Immobilier

À Paris, les ventes dévissent de 24% alors que le prix moyen reste stable à 9 350 €/m²

La chute des transactions parisiennes contraste avec la stabilité du prix moyen au mètre carré. Entre impact des taux et hésitation des vendeurs, l'été pose la question : acheter maintenant ou attendre ?

À Paris, les ventes dévissent de 24% alors que le prix moyen reste stable à 9 350 €/m²
©Illustration IA Margaux Deschamps / renseignementeconomique.fr

Marché parisien : moins de volumes, prix figés

Le premier semestre 2026 marque un net coup de frein pour les ventes d'appartements dans la capitale : -24% sur les cinq premiers mois de l'année selon les données publiées. En parallèle, le prix moyen se maintient aux alentours de 9 350 euros par mètre carré. Ce décalage — moins de transactions, prix peu mobiles — est un signal fort pour les ménages qui projettent d'acheter ou de vendre.

Concrètement, que signifie cette situation pour un ménage ?

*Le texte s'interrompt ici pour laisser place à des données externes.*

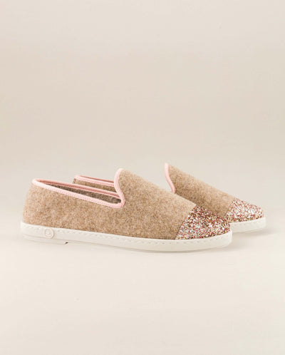 Camel Italian recycled wool slippers with pink glitters for front and back yokes.
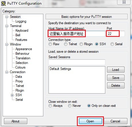 下載完成后,打開軟件,分別輸入IP地址,端口默認是22,如有修改端口,請對應填寫,點擊打開,如圖1-4所示:
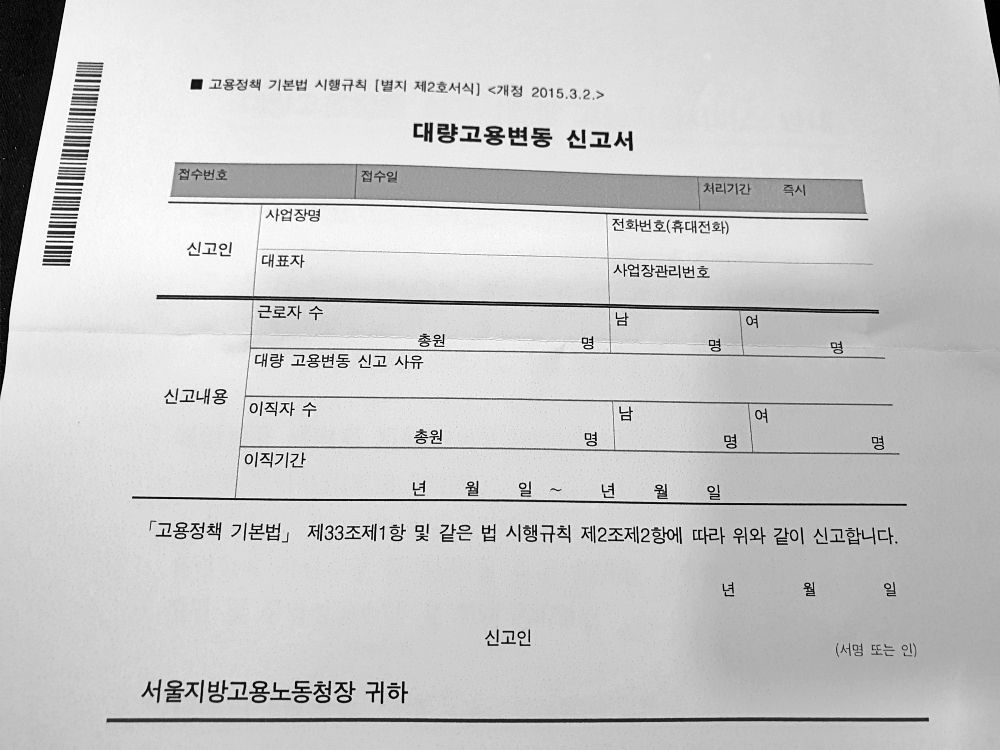 [대량고용 변동신고서]를 제출
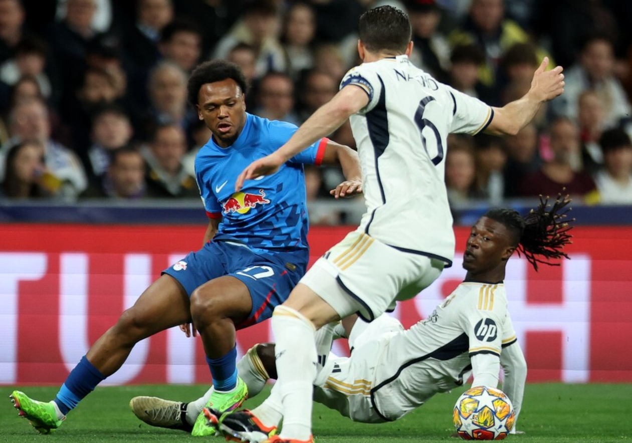 第25分钟,巴尔韦德在前场右侧送出斜塞球,贝林厄姆前插,小角度推射,但被防守球员挡出了底线。第38分钟,哈维-西蒙斯在禁区外尝试一脚远射,但很可惜被挡出了底线。2分钟后,哈维-西蒙斯在禁区左侧兜射远角,门将把球扑了出去。随后,奥蓬达在禁区内胸部停球,随即起脚抽射近角,还是踢偏了。奥蓬达的射术真是太辣眼了。半场结束,皇马0-0莱比锡。
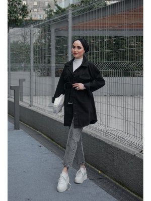 Lurex Moda Siyah Yıpratmalı Kemerli Kot Ceket
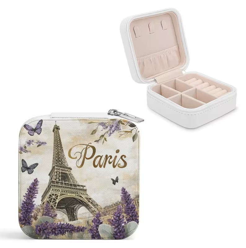 Κοσμηματοθήκη με Eiffel Tower, λεβάντες και πεταλούδες. Ιδανική για κοσμήματα και ρομαντικά δώρα.
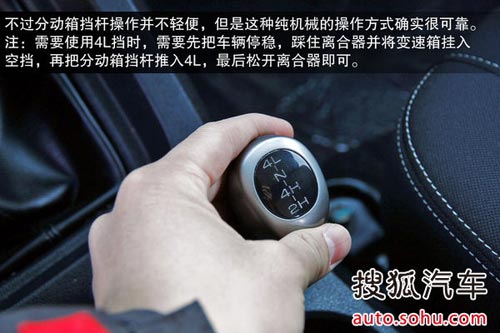 不過分動(dòng)箱擋桿操作并不輕便,需要使用較大力氣才能掛入相應(yīng)擋位,但是這種純機(jī)械的操作方式確實(shí)很可靠。注:需要使用4L擋時(shí),需要先把車輛停穩(wěn),踩住離合器并將變速箱掛入空擋,再把分動(dòng)箱擋桿推入4L,最后松開離合器即可。
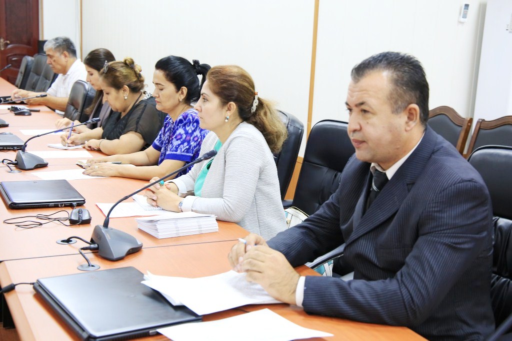 The sub-working group during a meeting on gender mainstreaming, Dushanbe, 25 September 2017.
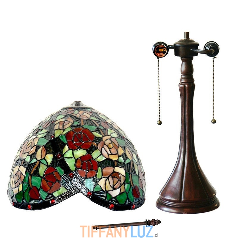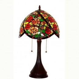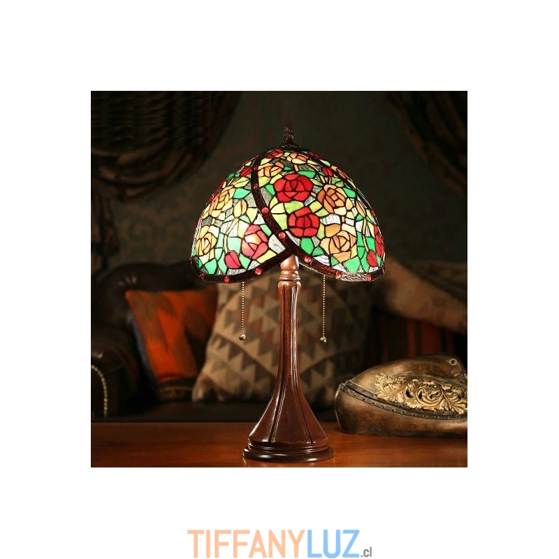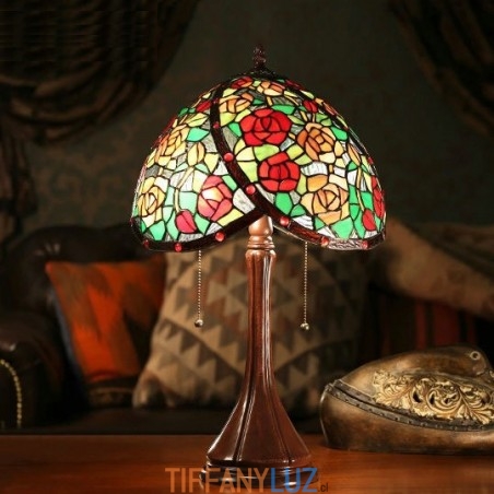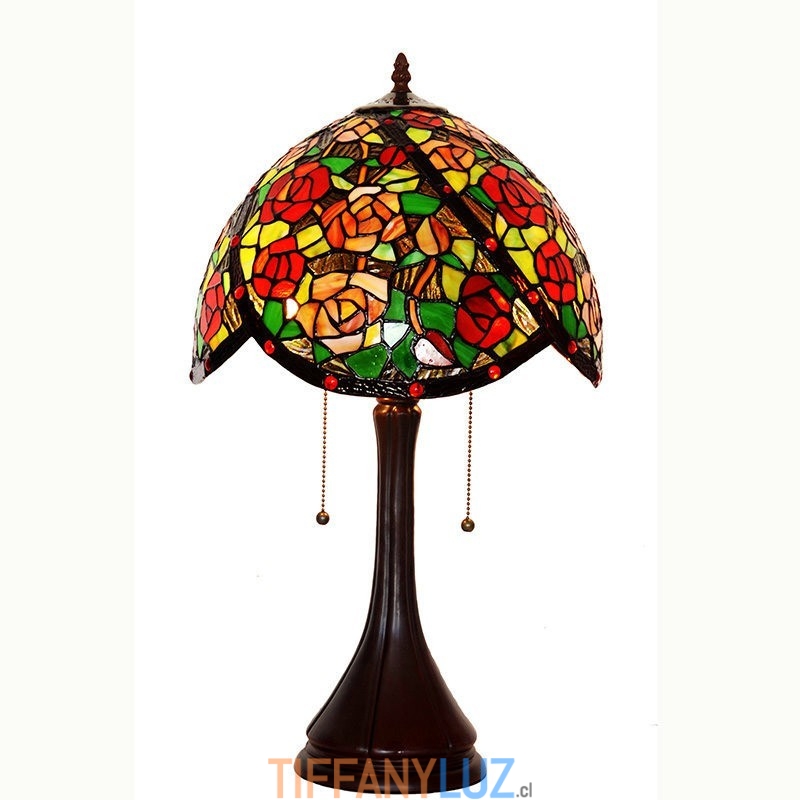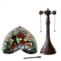 Lámpara de mesa de cristal de color Tiffany en tono rosa de 33 cm

Pour un acquéreur, la baisse des volumes se traduit souvent par un délai d'attente plus long pour trouver un bien conforme à ses critères et possiblement une négociation plus serrée sur le prix. Pour un vendeur, elle impose de mesurer l'écart entre l'estimation et la réalité du marché : un logement affiché trop haut risque de stagner.

  • Ventes : chute significative (-24%) sur cinq mois à Paris.
  • Prix : stabilité du prix moyen à 9 350 €/m².
  • Île-de-France : petites couronnes enregistrent un tassement, d'après les mêmes sources.

Crédit, saisonnalité et comportements

Le contexte des taux et la dynamique des crédits pèsent encore sur les décisions. Même si le prix moyen ne baisse pas à Paris, le coût réel d'un achat dépend de la mensualité finale : un point de taux en plus ou en moins change sensiblement la capacité d'achat d'un ménage. À cela s'ajoute l'effet saisonnier : l'été est traditionnellement une période de marché ralenti, mais l'ampleur actuelle de la baisse des ventes interpelle.

Où chercher des opportunités ?

Au-delà de Paris, les tensions diffèrent selon les territoires. Les petites couronnes montrent un léger recul des prix et des ventes, ce qui peut offrir des ouvertures pour des acquéreurs mobiles. Il reste essentiel d'analyser le coût total du projet (apport, mensualité, charges) et de ne pas se fier uniquement au prix au mètre carré.

Un rendez-vous pour répondre aux questions des Français

Pour décrypter ces tendances, Le Parisien organise un tchat en direct avec Thomas Lefebvre, vice-président data de SeLoger - MeilleursAgents, qui répond aux interrogations des lecteurs à partir de midi. C'est l'occasion d'obtenir des éclairages personnalisés sur le bon timing pour acheter ou vendre, la lecture des baromètres et l'impact des taux sur les mensualités.

Indicateur Valeur
Évolution des ventes (Paris, 5 premiers mois) -24%
Prix moyen (Paris) 9 350 €/m²

Face à ce paysage, l'attitude recommandée dépend du profil : un acquéreur déjà financé et pressé bénéficiera d'une négociation plus favorable ; un primo-accédant sans apport peut préférer attendre une stabilisation des conditions de crédit. Pour un vendeur, la prudence veut que l'on ajuste l'offre à la réalité du marché local afin d'éviter une mise en vente longue et coûteuse.

En pratique, raisonnez en mensualités et en mètres carrés, pas seulement en pourcentages : c'est là que se mesure l'impact réel sur un foyer.